● **Problem description**: The answer should hold only the lines from the one containing "Молодая индийская газель" through the one containing "接着,文泽斌同学向学弟学妹们" in the entries below, copied exactly, without pictures.

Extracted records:
--- START ---

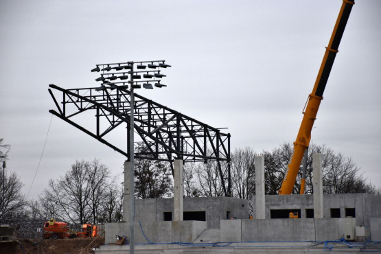 To już jednak przeszłość. Tamten dach został rozebrany na początku prac. A po gruntownej przebudowie cały stadion będzie zadaszony. Najpierw niezbędna konstrukcja powstanie na trybunie południowej.
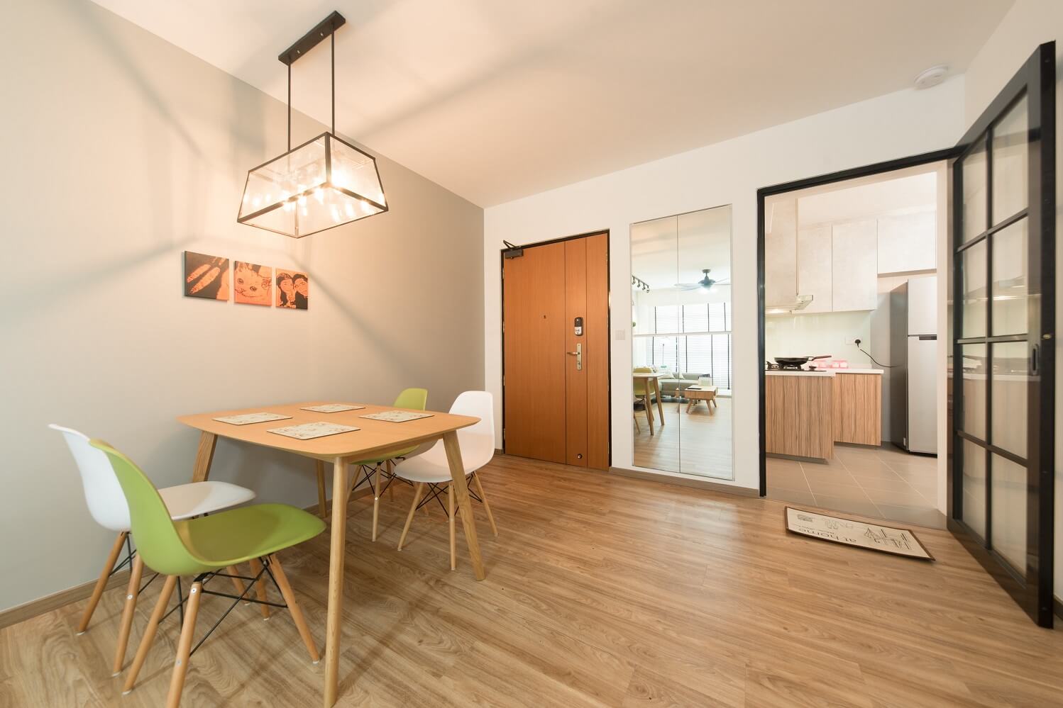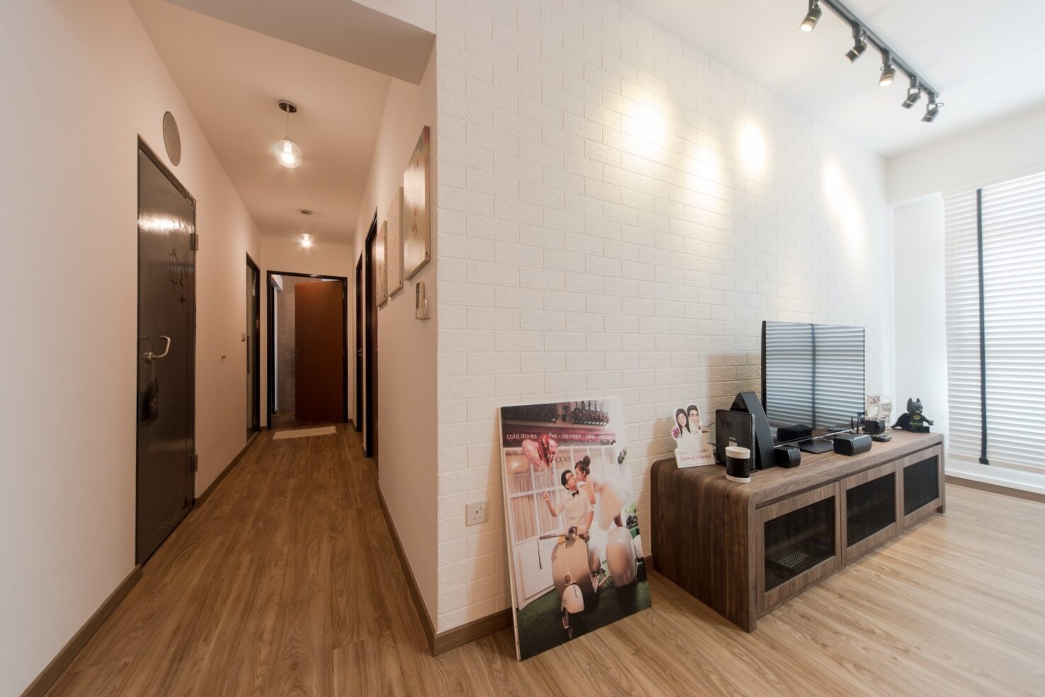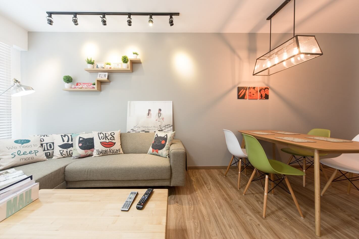 Ruangan bertema scandinavian yang karakternya diperkuat dengan pencahayaan yang tepat
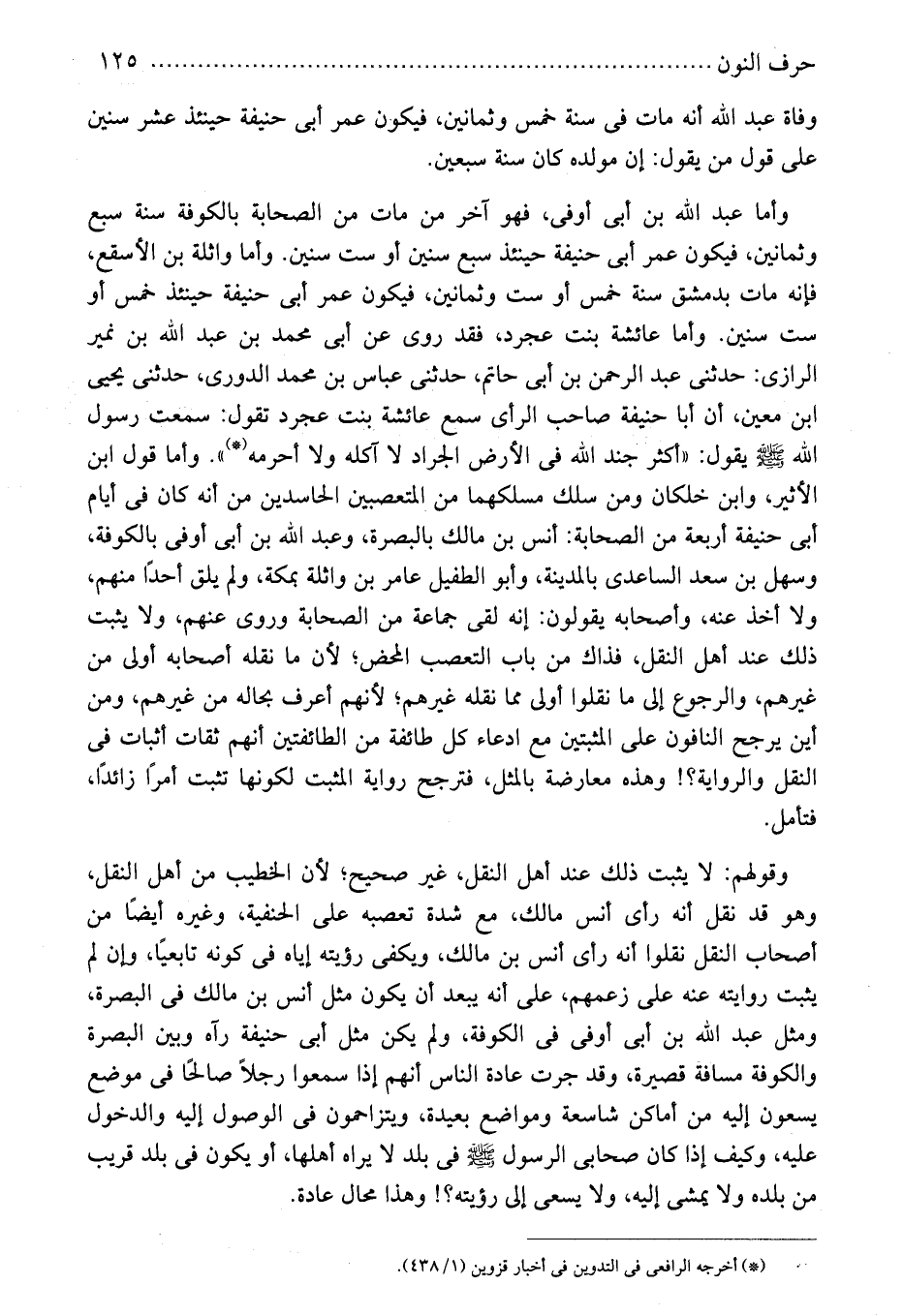 وأما عبد الله بن أبى أوفى، فهو آخر من مات من الصحابة بالكوفة سنة سبع وثمانين، فيكون عمر أبى حنيفة حينئذ سبع سنين أو ست سنين. وأما واثلة بن الأسقع، فإنه مات بدمشق سنة خمس أو ست وثمانين، فيكون عمر أبى حنيفة حينئذ خمس أو ست سنين. وأما عائشة بنت عجرد، فقد روى عن أبى محمد بن عبد الله بن نمير الرازى: حدثنى عبد الرحمن بن أبى حاتم، حدثنى عباس بن محمد الدورى، حدثنى يحيى ابن معين، أن أبا حنيفة صاحب الرأى سمع عائشة بنت عجرد تقول: سمعت رسول الله - صلى الله عليه وسلم - يقول: "أكثر جند الله فى الأرض الجراد لا آكله ولا أحرمه (*) ". وأما قول ابن الأثير، وابن خلكان ومن سلك مسلكهما من المتعصبين الحاسدين من أنه كان فى أيام أبى حنيفة أربعة من الصحابة: أنس بن مالك بالبصرة، وعبد الله بن أبى أوفى بالكوفة، وسهل بن سعد الساعدى بالمدينة، وأبو الطفيل عامر بن واثلة بمكة، ولم يلق أحدًا منهم، ولا أخذ عنه، وأصحابه يقولون: إنه لقى جماعة من الصحابة وروى عنهم، ولا يثبت ذلك عند أهل النقل، فذاك من باب التعصب المحض؛ لأن ما نقله أصحابه أولى من غيرهم، والرجوع إلى ما نقلوا أولى مما نقله غيرهم؛ لأنهم أعرف بحاله من غيرهم، ومن أين يرجح النافون على المثبتين مع ادعاء كل طائفة من الطائفتين أنهم ثقات أثبات فى النقل والرواية؟! وهذه معارضة بالمثل، فترجح رواية المثبت لكونها تثبت أمرًا زائدًا، فتأمل.
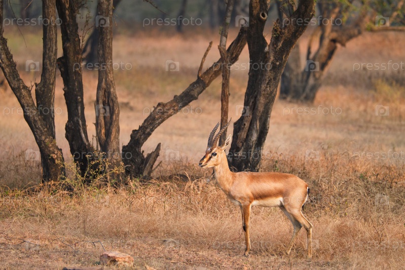 Молодая индийская газель Беннетти или чинкара гуляет и пасется в лесу Национального парка Ратнамбор Экологическая среда туризма Раджастхан, Индия
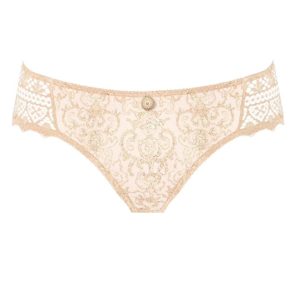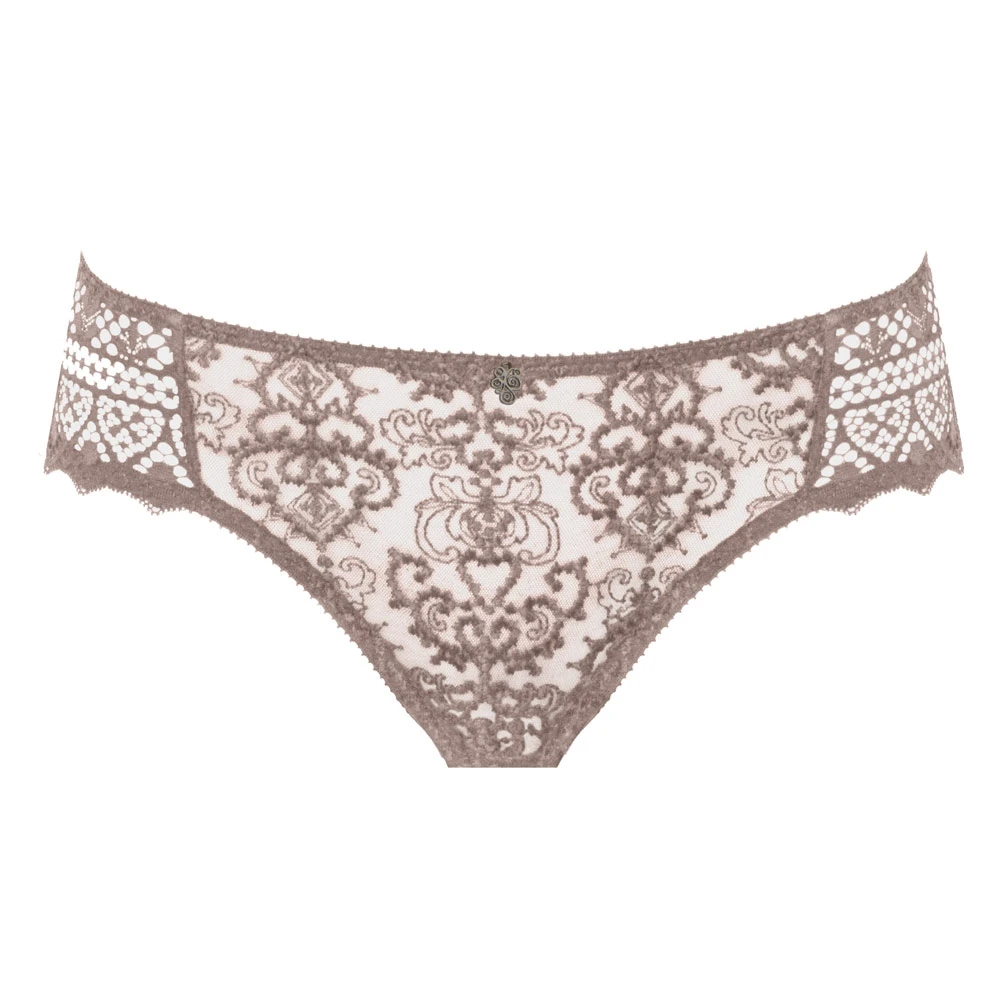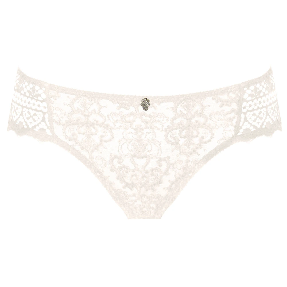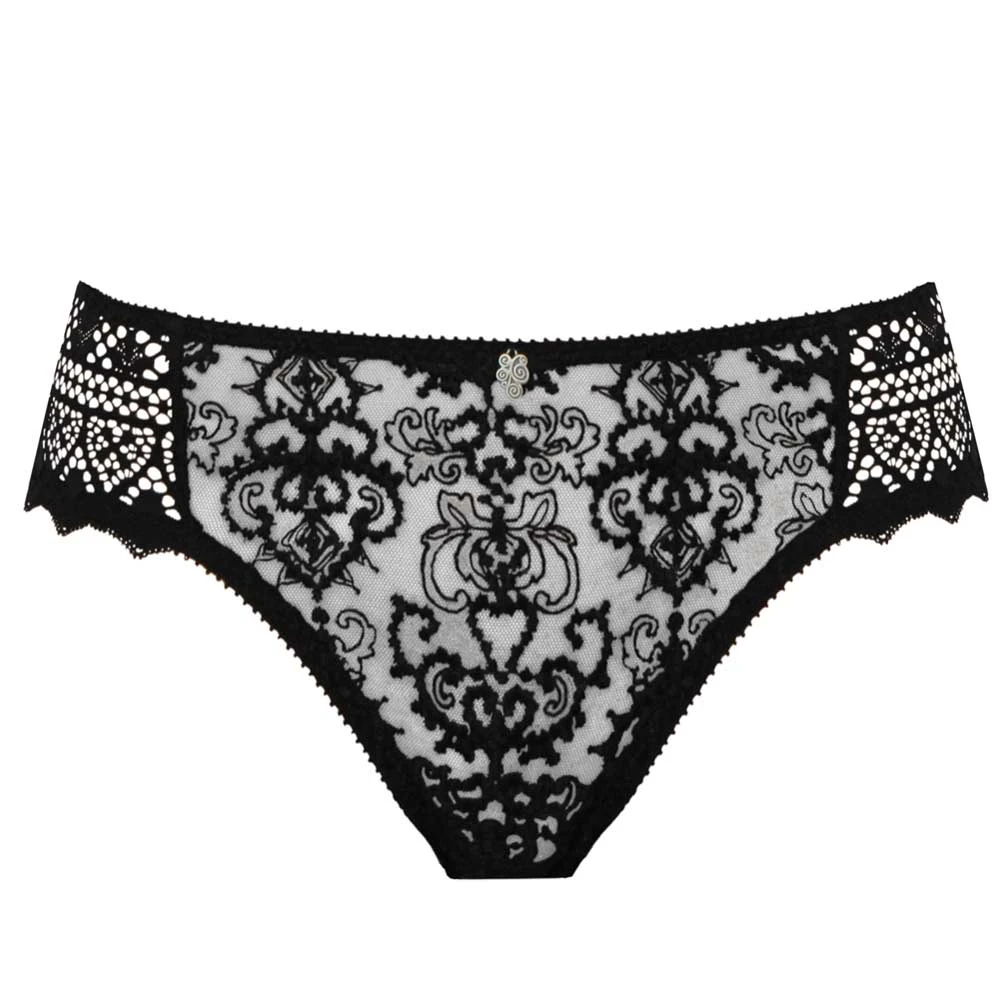 Fine embroidered brief by Empreinte with striking mesh lace and shimmering dots reminiscent of the Cassiopeia constellation finished with lace panels to the sides for a sophisticated look.
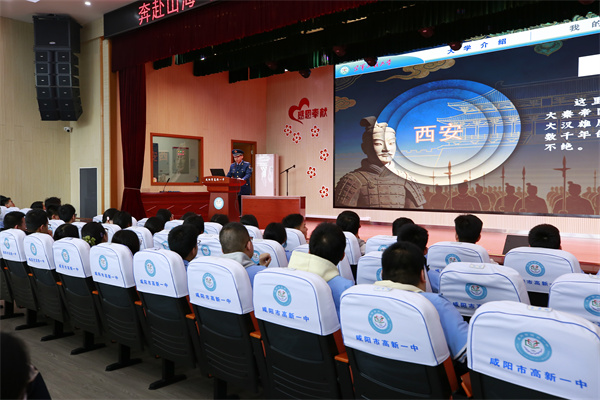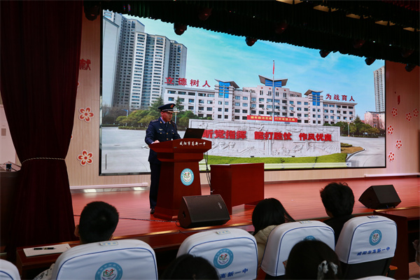 接着,文泽斌同学向学弟学妹们详细介绍了自己目前就读的空军工程大学。他介绍道,作为空军高素质军事人才培养的摇篮,空工大不仅拥有一流的教学设施和师资力量,更注重培养学员的家国情怀与军人担当。在这里,他不仅系统学习了专业知识,更在严格的训练中锤炼了意志,在集体生活中学会了责任与奉献。他用自己的经历告诉大家:选择军校,就是选择了一份光荣与使命;穿上军装,就是扛起了一份责任与担当。
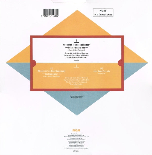 [Sleeve ℗ 1987 Pete Waterman Ltd Original sound recordings made by PWL. BMG Records (UK) Ltd. are the exclusive licensees for the world ©BMG Records (UK) Ltd. 1987. Distributed in the UK by BMG Records Distributed in Europe by BMG/Ariola, a Bertelsmann Music Group Company. Country of manufacture of record as stated on record label. [Labels All Boys Music Ltd. Marketed by RCA Records. Manufactured in England. Track A is a cover version of [m137030.
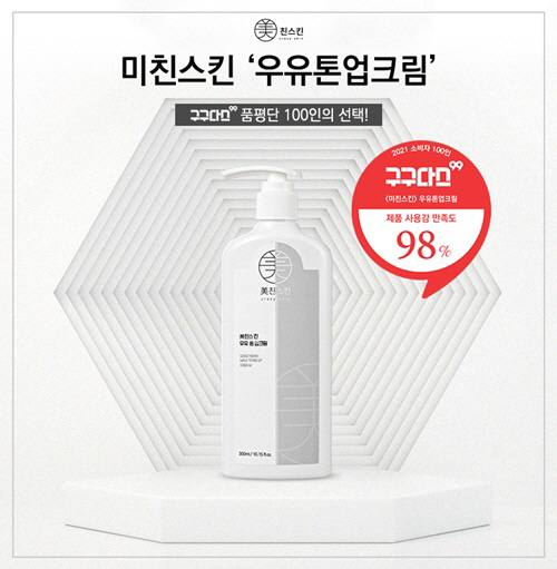 인플루언서 마케팅 구구다스를 통해 진행된 이번 설문은 소비자 100인을 대상으로 진행됐고 약 5일간 제품을 실제 사용해보며 직접 경험한 피부 변화에 대해 설문조사를 실시했다. 설문 결과 전체 참여자의 98%가 미친스킨의 ‘우유톤업크림’에 만족한다고 답했다.
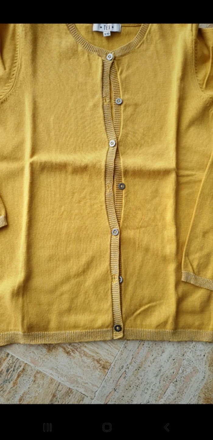 Gilet fille 9-10 ans. Moutarde et fils argentés. Neuf. Jamais porté. #eve.08_vetement_fille_9ans
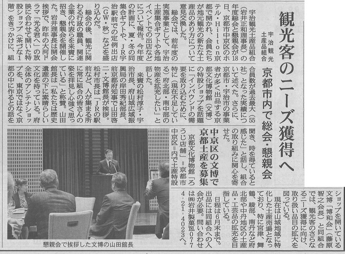 | 4月18日 産経新聞にて、観光土産品組合の京都文化博物館内の土産ショップについて掲載 |

--- END ---

● **Task response**:
 Молодая индийская газель Беннетти или чинкара гуляет и пасется в лесу Национального парка Ратнамбор Экологическая среда туризма Раджастхан, Индия
 Fine embroidered brief by Empreinte with striking mesh lace and shimmering dots reminiscent of the Cassiopeia constellation finished with lace panels to the sides for a sophisticated look.
 接着,文泽斌同学向学弟学妹们详细介绍了自己目前就读的空军工程大学。他介绍道,作为空军高素质军事人才培养的摇篮,空工大不仅拥有一流的教学设施和师资力量,更注重培养学员的家国情怀与军人担当。在这里,他不仅系统学习了专业知识,更在严格的训练中锤炼了意志,在集体生活中学会了责任与奉献。他用自己的经历告诉大家:选择军校,就是选择了一份光荣与使命;穿上军装,就是扛起了一份责任与担当。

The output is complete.